People typically reference & regard the TAMU knowledge-base as a reputable source however, when referencing their fruit and nut fact sheets for plums & stone fruits, I've found a section pertaining to hybrids which is quite troubling to me.. frankly it seems like a lazy generalization. The section to which i'm referring is seen below:
"Prunus Hybrids: Many Prunus hybrids are available, namely plum by apricot and vice versa; commonly known as “plumcots,” “pluots,” or “apriums,” depending on the breeding program that released them (Fig. 12). In Texas they have been disappointing. So far none are winter hardy, all suffer from bacterial canker infestation, and few have produced adequately..."
The hybrids such as pluots have been distributed commercially for several years now, probably at least a decade. Has anyone grown plum hybrids (pluot, plumcot, aprium) in Texas with success? And if so, has anyone performed this in the DFW metroplex?
Womack nursery sells some of these hybrid varieties and people typically trust these folks to sell varieties which do well in TX - so who is telling the truth, Womack or TAMU? When I read the TAMU content, it always feels like it's influenced by old-timers who are stuck in the 20th century whereby only decades old fruit varieties are recommended..
Thanks in advance!
My recommendation is to buy the fruit you like and bury the seeds with your kitchen scraps where you want the trees. In a few years at least a few of them willbe producing the fruit you want and the others wil be rootstock to graft the best onto.
Dave Bojangles wrote: people typically trust these folks to sell varieties which do well in TX - so who is telling the truth, Womack or TAMU?
I can't say that I have tried these varieties or purchased from Womack's.
We have purchased a lot of fruit tree failures. It is my opinion that it is buyer beware. Even when I have done lots of research into fruit tree varieties, how to grow them, etc..Our last failure was a methly plum.
I would trust Tx A & M before I would trust a commercial vendor.
I also would trust the information from University AG extensions over a retailer.
While I am not in your region, the fruits like your weather alot more than mines.

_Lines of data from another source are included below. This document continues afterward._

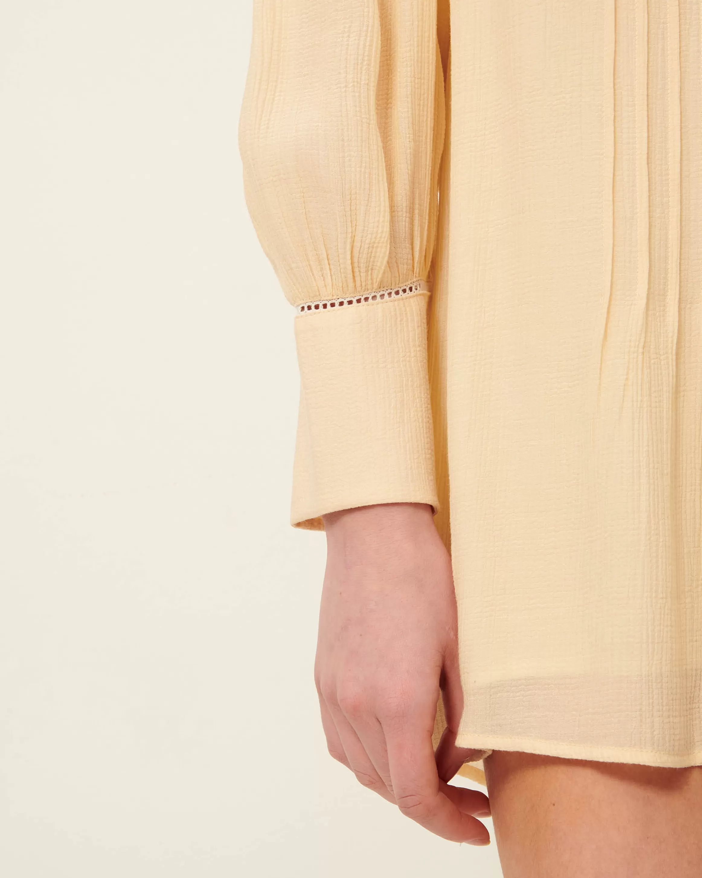 Robe courte en crépon de viscose satiné, détails de plis piqués et de galons ajourésCe produit est composé de visc…
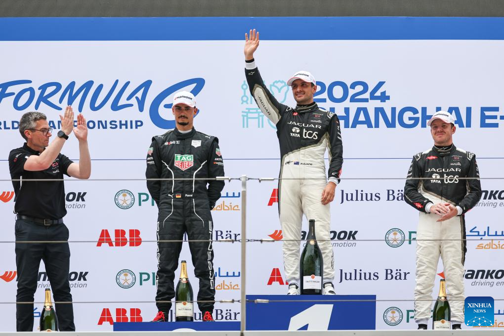 First placed Jaguar TCS Racing's Mitch Evans (2nd R) of New Zealand, second placed Tag Heuer Porsche Formula E Team's Pascal Wehrlein (2nd L) of Germany and third placed Jaguar TCS Racing's driver Nick Cassidy (1st R) of New Zealand celebrate during the awarding ceremony of the FIA Formula E World Championship Shanghai E-Prix race in east China's Shanghai, May 25, 2024. (Photo by Qian Jun/Xinhua)
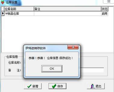 单击“新增”按钮,录入仓库信息后,单击“保存”按钮即可完成新增仓库操作。

Overall they tend to not need alot of winter chill hours, don't like late frost, tend to prefer a less humid air and dont mind the summer heat.

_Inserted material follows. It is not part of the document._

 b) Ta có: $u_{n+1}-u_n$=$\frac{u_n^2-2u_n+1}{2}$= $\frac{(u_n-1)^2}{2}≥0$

Anne Miller wrote:...We have purchased a lot of fruit tree failures. It is my opinion that it is buyer beware. Even when I have done lots of research into fruit tree varieties, how to grow them, etc..Our last failure was a methly plum...
This is good information, thanks Anne. I noticed you're in Zone 8a, are you in texas?
Anne Miller wrote:... I would trust Tx A & M before I would trust a commercial vendor.
James Freyr wrote:...I also would trust the information from University AG extensions over a retailer.
I know the comment was made who should i trust however, this was only stated rhetorically, and is not the the primary question of the thread. However, for what it's worth i would also note that there are experienced gardeners in the area such as Neil Sperry who have suggested that Womack carry trusted varieties.
The primary question i'm asking is the following:
"Has anyone grown plum hybrids (pluot, plumcot, aprium) in Texas with success?"
When the university source makes broad and sweeping generalizations, I question the amount of research being conducted in this regard. This is why i'm reaching out to a community such as this one to understand the reality and what people are truly experiencing. I want to know if their claim that these varieties cannot be grown in Texas with success is true
If I had the option, which I don't, and really wanted fruit trees then I would find a nursery that guaranteed their trees and have them plant them.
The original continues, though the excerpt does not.